X ________________________________________________________     __________, 2001
                                                                     Date
X ________________________________________________________     __________, 2001
           Signature(s) of Registered Holder(s)                      Date
                 or Authorized Signatory

Area Code and Telephone Number: __________________________

   The above lines must be signed by the registered Holder(s) of Existing Notes
as their name(s) appear(s) on the Existing Notes or, if the Existing Notes are
tendered by a participant in DTC, as such participant's name appears on a
security position listing as the owner of Existing Notes, or by a person or
persons authorized to become registered Holder(s) by a properly completed bond
power from the registered Holder(s), a copy of which must be transmitted with
this Letter of Transmittal. If Existing Notes to which this Letter of
Transmittal relates are held of record by two or more joint Holders, then all
such holders must sign this Letter of Transmittal. If signature is by a
trustee, executor, administrator, guardian, attorney-in-fact, officer of a
corporation or other person acting in a fiduciary or representative capacity,
such person must (i) set forth his or her full title below and (ii) unless
waived by the Company, submit evidence satisfactory to the Company of such
person's authority to act. See Instruction 4 regarding the completion of this
Letter of Transmittal printed below.

Name(s): _______________________________________________________________________
                                 (Please Print)
Capacity: ______________________________________________________________________
                                    (Title)
Address: _______________________________________________________________________
                               (Include Zip Code)

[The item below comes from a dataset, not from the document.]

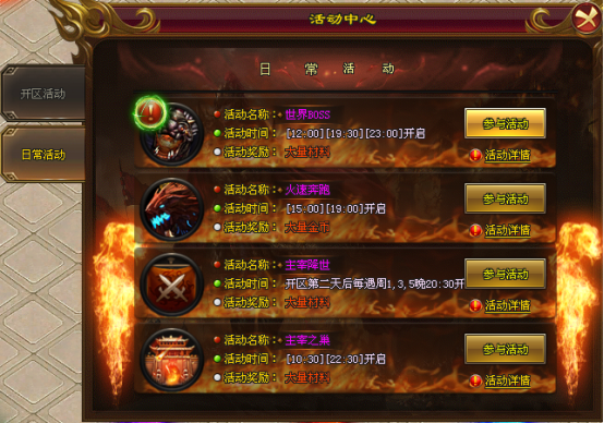 活动说明:活动开始后地图刷出大量材料道具及世界BOSS-只!世界BOSS爆率超高,非常给力!随着开区时间越久爆率越高BOSS爆出物品所有人都可以捡取
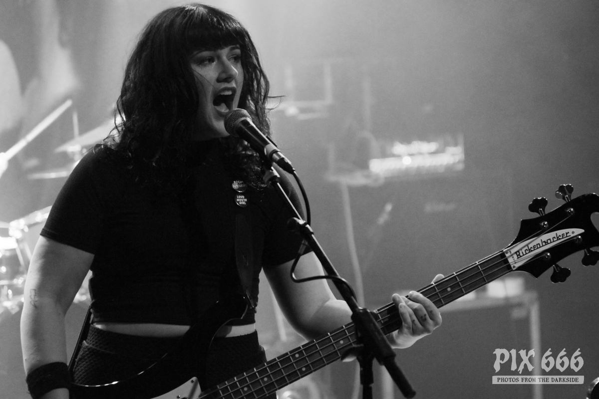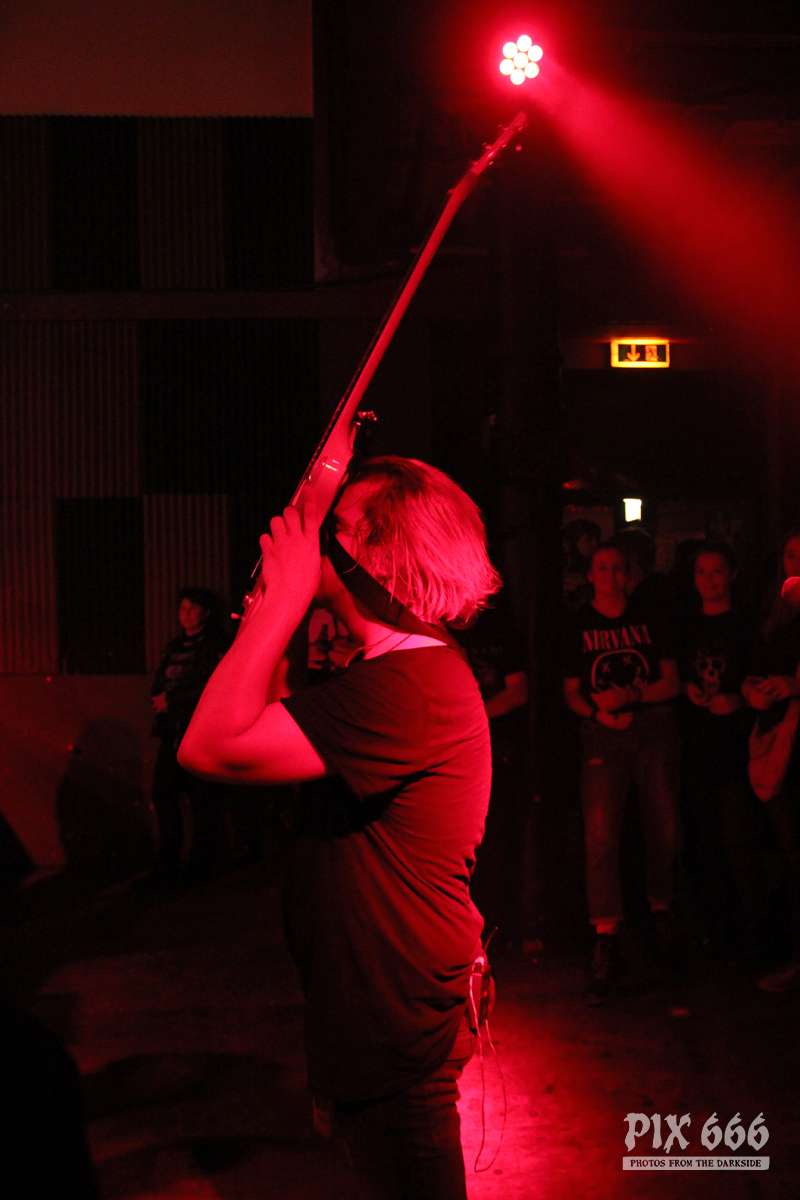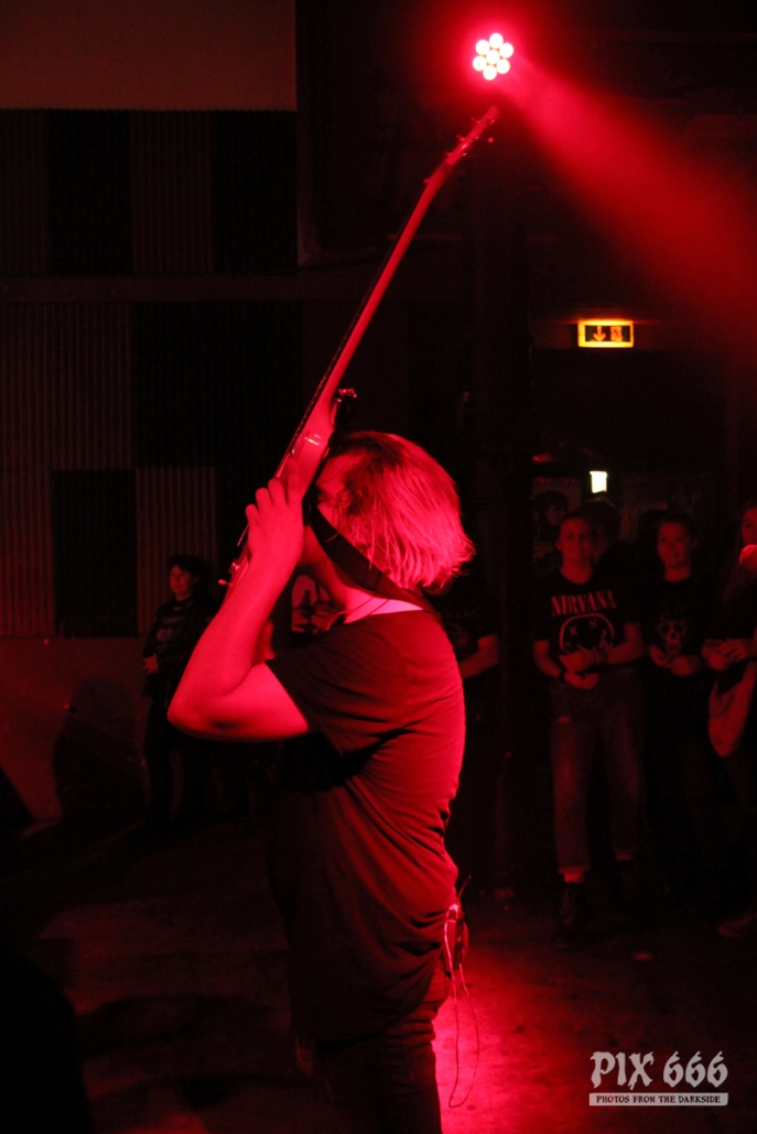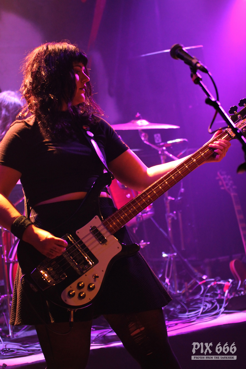 Nun gab es ziemlich Gewusel auf der Bühne beim Umbau – man hatte den Eindruck es sollte oder musste schnell gehen. 21.50 Uhr ging es dann auch tatsächlich schon weiter – Changeover in Rekordzeit. Die vier Freundinnen aus Toronto in Kanada betraten die Bühne und rockten sofort los. ‚Mean Genes‘ vom aktuellen The Anti-Queens Album machte den Anfang. Nach ‚Sorry Babe‘ fragte Sängerin Emily: „Wie geht’s euch Hamburg – habt ihr Bock ein bisschen mit uns zu singen?“ Der Club war jetzt etwas mehr als halbvoll und die Stimmung wurde besser und besser. Die Mädels auf der Bühne hatten richtig Spaß und prosteten den Leuten im Publikum zu – Flasche an Flasche – das funktioniert in einem kleinen Club ohne Absperrung ziemlich gut. „Es ist so geil hier zu sein – eir sind zum ersten Mal in Hamburg – und es ist unser erste Tour in Deutschland“ sagte Emily. Dann hatten sie einen Song dabei, der von der Dating App Tinder handelte – und wenn ich mich nicht komplett verhört habe, erwähnte Emily die Worte ‚kleiner Schniedel‘ – auf Deutsch! Haha ?

Signature(s) Guaranteed by an Eligible Institution (if required by Instruction
4):

                                          _____________________________________
                                                 (Authorized Signature)
                                          _____________________________________
                                                         (Title)
                                          _____________________________________
                                                     (Name of Firm)

Dated:_________________, 2001

                                       7


                                  INSTRUCTIONS

         Forming Part of the Terms and Conditions of the Exchange Offer

   1. Delivery of this Letter of Transmittal and Existing Notes; Guaranteed
Delivery Procedures. This Letter of Transmittal is to be completed by Holders,
either if certificates are to be forwarded herewith or if tenders are to be
made pursuant to the procedures for delivery by book-entry transfer set forth
in "The Exchange Offer--Book-Entry Transfer" section of the Prospectus.
Certificates for all physically tendered Existing Notes, or Book-Entry
Confirmation, as the case may be, as well as a properly completed and duly
executed Letter of Transmittal (or manually signed facsimile hereof) and any
other documents required by this Letter of Transmittal, must be received by the
Exchange Agent at one of the addresses set forth herein on or prior to the
Expiration Date, or the tendering Holder must comply with the guaranteed
delivery procedures set forth below. Existing Notes tendered hereby must be in
denominations of principal amount of $1,000 and any integral multiple thereof.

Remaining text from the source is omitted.